I live on a very small island in the San Juans in Washintion state. I am a senior in highschool, and in a graduation class of under 20 students. Its SMALL here. , We have no other close friends really, and is the reason we were friends and dated in the first place.
My problem is that I used to live in a city and date, and when things went bad and I had my heart broken for whatever reason, I would cut off contact with the girl and I would just be peachy a few weeks later.
Well, now that I live on this island, I can't avoid her at all. We went out for 3 months, and have liked each other 6 months prior to that. We met romantically in japan blah blah, and the relationship ended because she didn't approve of some of my past relationships, and couldent' get over her ex. She obsessed over him when we were going out, and I just couldn't take it anymore, so it ended. I loved her, and it makes it hard.
There is NO way I can cut her out of my life, and its hell on me because in a small community, I have to deal with her, and her parents on a regular basis. Shes in all my classes, and I'm in constant contact with her. Oh but wait, it gets worse.
I have a best friend, its her.
I lost a lot of friends due to the relationship as well, as shes very straight edge, and I was very alternative. So I don't have a lot of friends to turn to.
We have been best friends for almost a year and that never changed, but now that we have broken up, I just can't do it. She seems fine with it, because she has someone to obsess over. I don't, I just have an ex I'm stil having feelings for, and the many fish in the sea rebound route just isn't there, since this island is so fucking small.
So what can I do? I talk to her daily because shes my best friend, but I really just want to cut her out of my life all together, but I am incapable of doing such.
TL:DR
Can't get over GF cuz' I'm on a small island and can't avoid seeing her daily.
What can I do H/A? I am beyond lost.
edit: fixed :P
Posts
Simply put - you're going to need to grow a pair, recognize that you're not together romantically anymore, but that doesn't mean you can't be friends. In fact, this may be a good challenge to become a bit more mature about relationships in general. In addition you can practice something I like to refer to as 'dealing with your problems' and not 'running away from them' like you said you've done with past breakups.
I'm sorry, I know you said you were 'wise beyond your years' - but if you can't get over a chick after three months of dating in high school then you need to take another look at what you define as being 'mature beyond your years'.

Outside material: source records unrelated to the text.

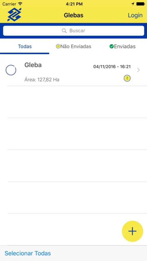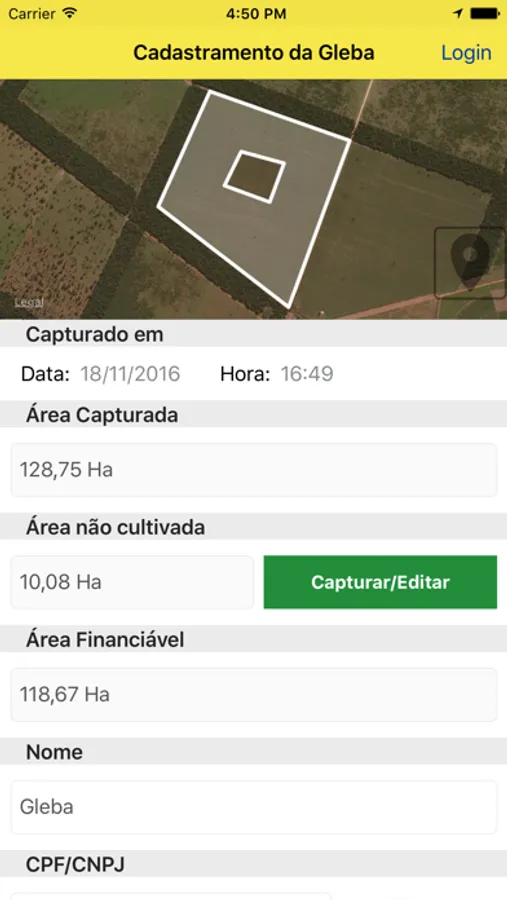 O aplicativo permite salvar os dados para testes ou validação da área, sem necessidade de autenticação. Para o envio das informações, é permitido o login tanto para pessoas físicas, quanto para pessoas jurídicas.
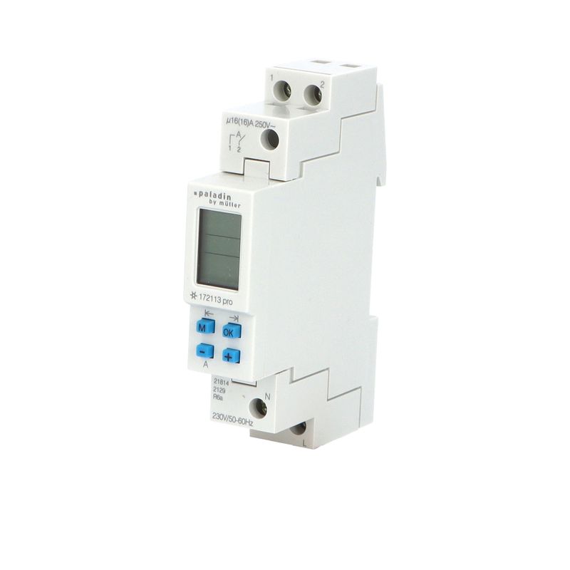 Hodiny spínací PALADIN 172113pro, dig., ASTRONOM., 1kan., 1mod., se zálohou, šedé, na DIN *1008126 eleman
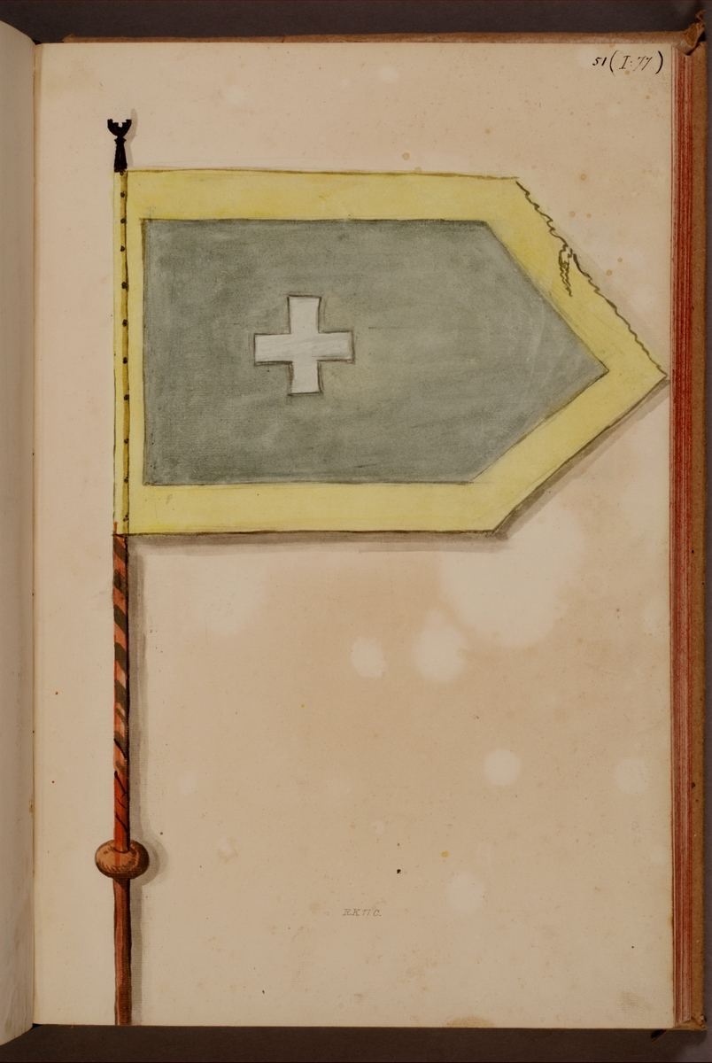 Titel: Avbildning i gouache föreställande fälttecken taget som trofé av svenska armén. Den avbildade fanan finns bevarad i Armémuseums samling, för mer information, se relaterade objekt.
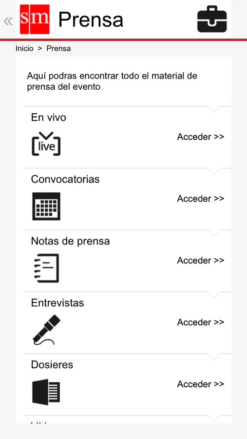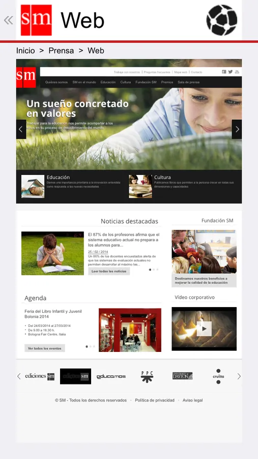 Aplicación de SM que da acceso a toda la información (convocatorias, notas de prensa, imágenes, vídeos…) relacionada con los eventos que organiza la editorial (entregas de premios, firmas de autores, presentaciones de libros, etc.).

It seems to me that if you were both as mature and all growed up as you say, then this shouldn't be an issue.
Suck it up. Grow a pair.
Why don't you take the time to learn something new? A hobby, a new language, give yourself a project so you'll be busy. Because at this moment, what you need to do is get over here, and it seems to me you should be seeking solitude while you heal your HP, so to speak.
Old flames may not be the best to call, but old friends are almost always receptive. Give some of them a call, hang out. Build those friendships back up. It wasn't that long ago (less than a year), and you can catch up. Make sure you explain that this relationship is the reason you got distant in the first place, and that you really need to stop neglecting your friends. Tell them that; it'll make them feel better, and more receptive to your invitations.

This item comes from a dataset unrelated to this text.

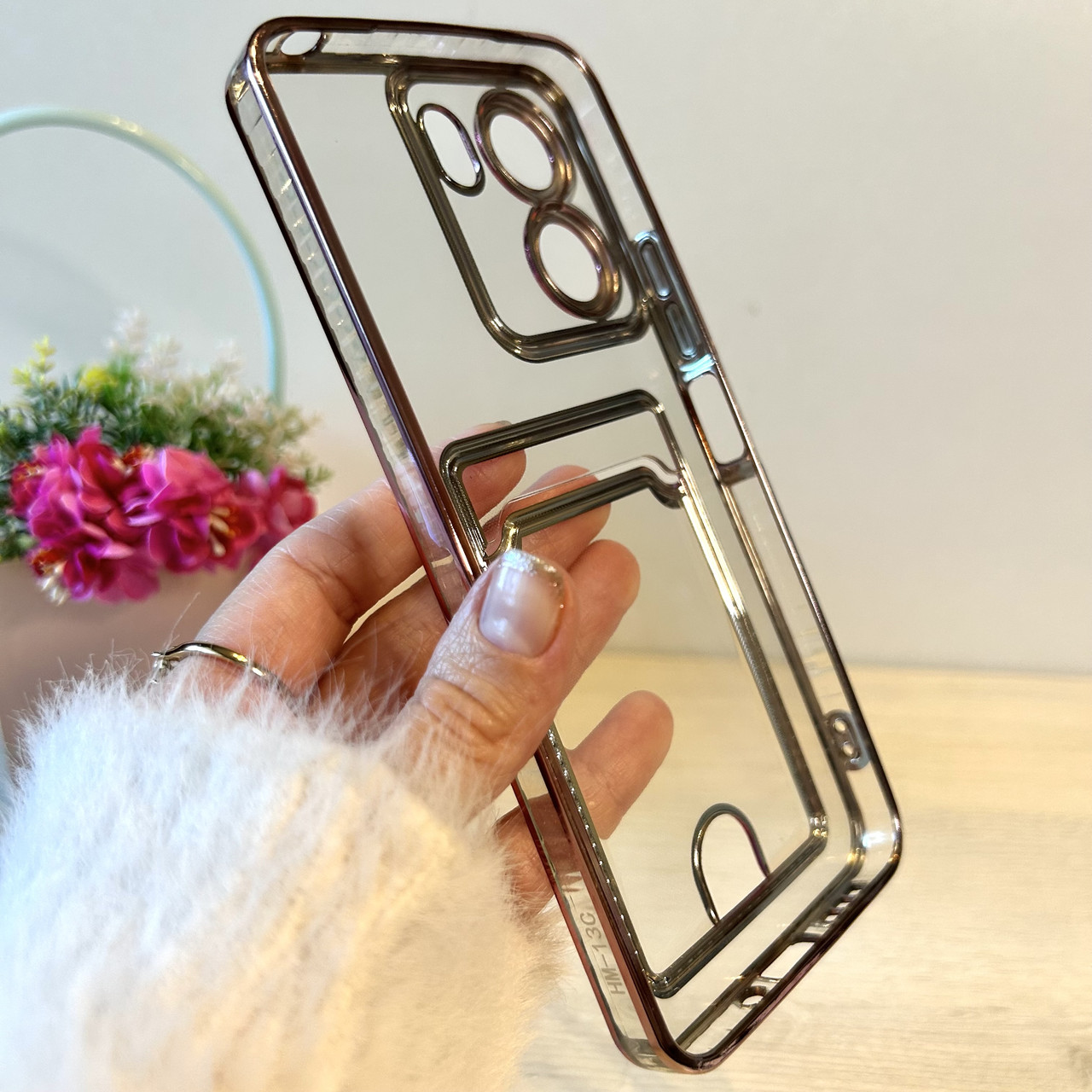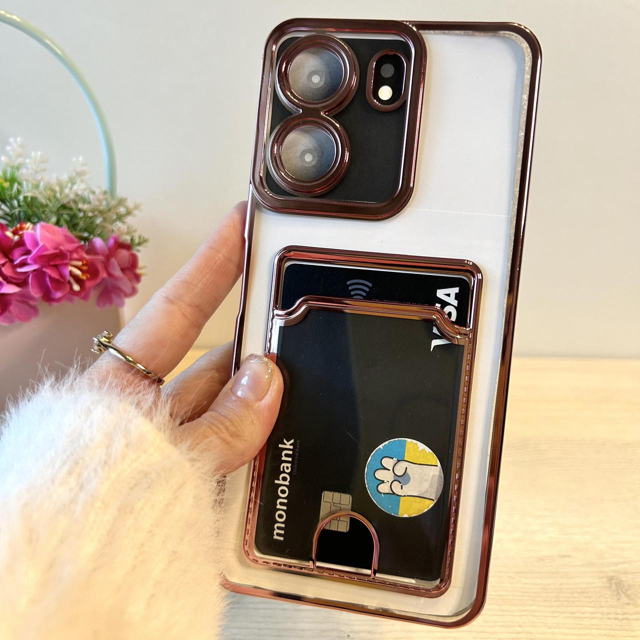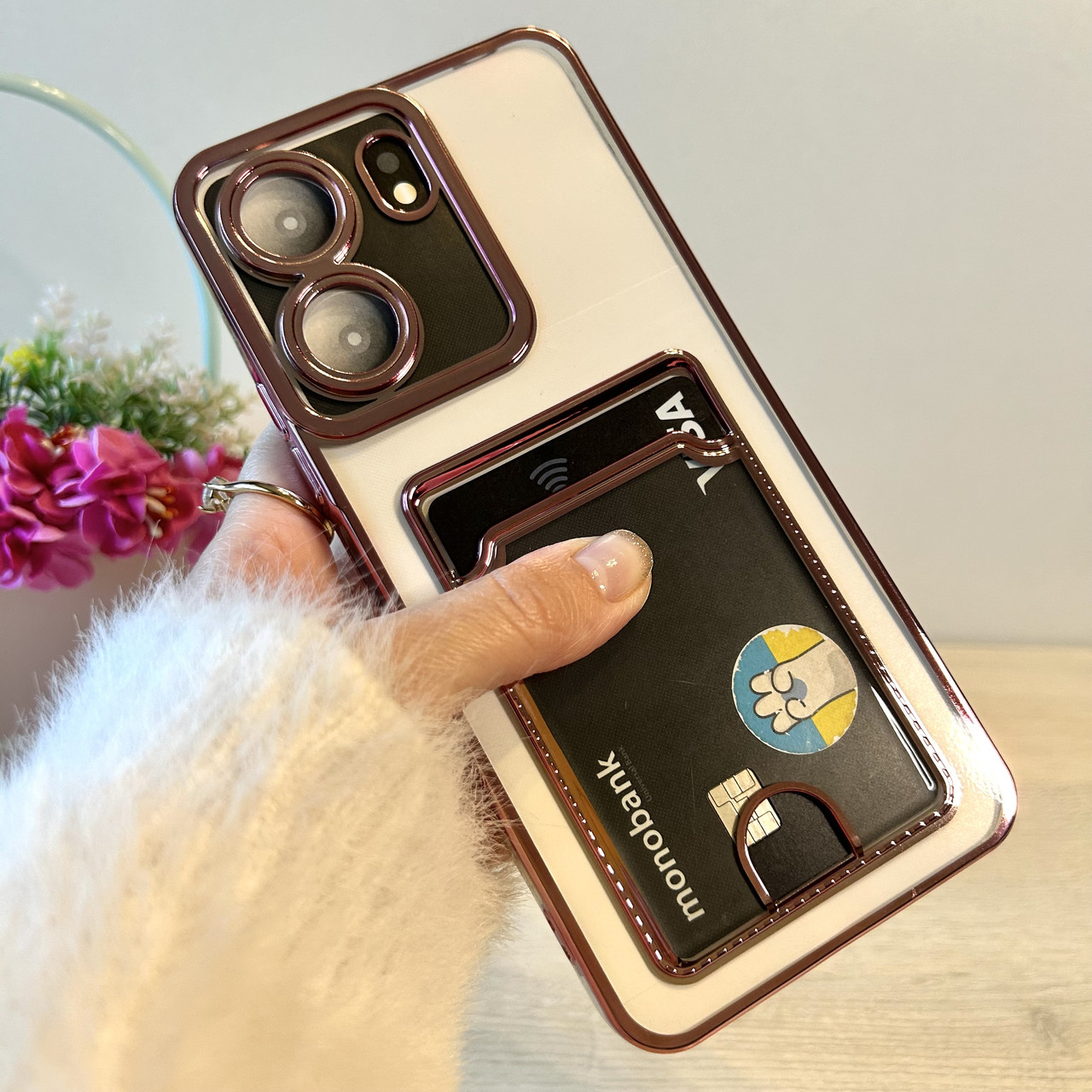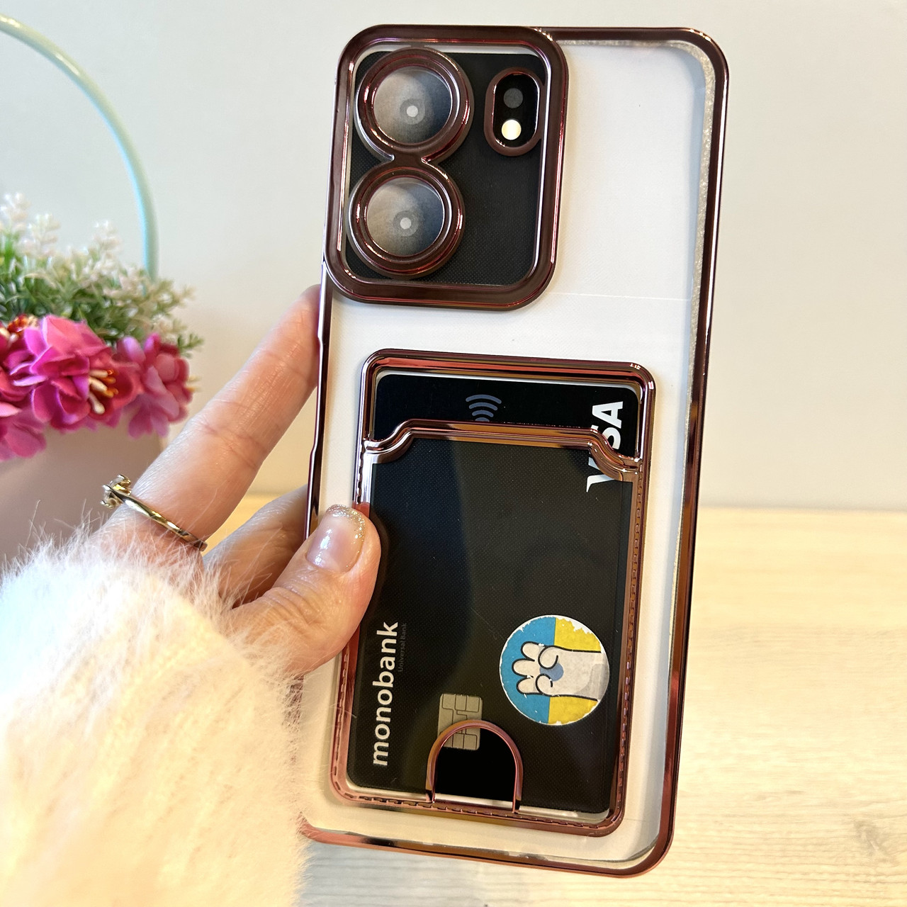 Чохол на Poco c65 силіконовий жіночий із рожевою рамкою та кишенею під картки

Avoidance appears to be impossible, and so you are apparently faced with a difficult task. To seek your way around the situation would be in error, as it surrounds you. So my advice to you is look within.
Decide where your boundaries are, what you will share of yourself, and what you will withhold. Stand firm in your own beliefs, and don't let the enemy take ground they have not rightfully and honourably earned.
Find a goal or skill you wish to learn, something as personal and difficult as your situation, and pursue that goal wholeheartedly. Nothing is as powerful as a man who is focused on one desire. Through pursuit of your own goal, you become the leader in the situation, and your path will be clear. The actions of others will seem like minor obsticles, and by staying true to your own values and beliefs, others will learn to respect and acknowledge that you are a person of substance.
Because you are the leader with a clear direction, they will attune themselves to you. Mediocre people will find thier whims and desires unable to affect you, and more often than not align themselves to support you on your way. People instinctivly react to people filled with purpose, and as long as that purpose is beneficial and true, they will not be able to do anything but fufill the need you require of them in your life.
Be polite and gracious at all times. Stay away from harsh attitudes and harsh words to get your way, but be firm when you feel your set boundaries being comprimised. In all things be fair and good, and your community will come to respect you as a good man, regardless of what others think or say against you.
When one is finds thier own path, and walks it with firm resolution, one soons discovers there is nothing else of consequence. Look within, and find your path. It is waiting there for you to take it.
My only question is, how do I deal with the fact that she still really wants to be my friend, and still talks about how we may get back togeather for valitines day (my birthday?). It seems like I can't get out of a loop of thing girl pulling me back in, and I can't bring myself to resisit, because in my heart I want to make it work. One part out of the realisation that there is no one else for me on this island (sadly not an exagaration), and I'm stuck here for another year, and the other half that I simply miss her. Any advice here?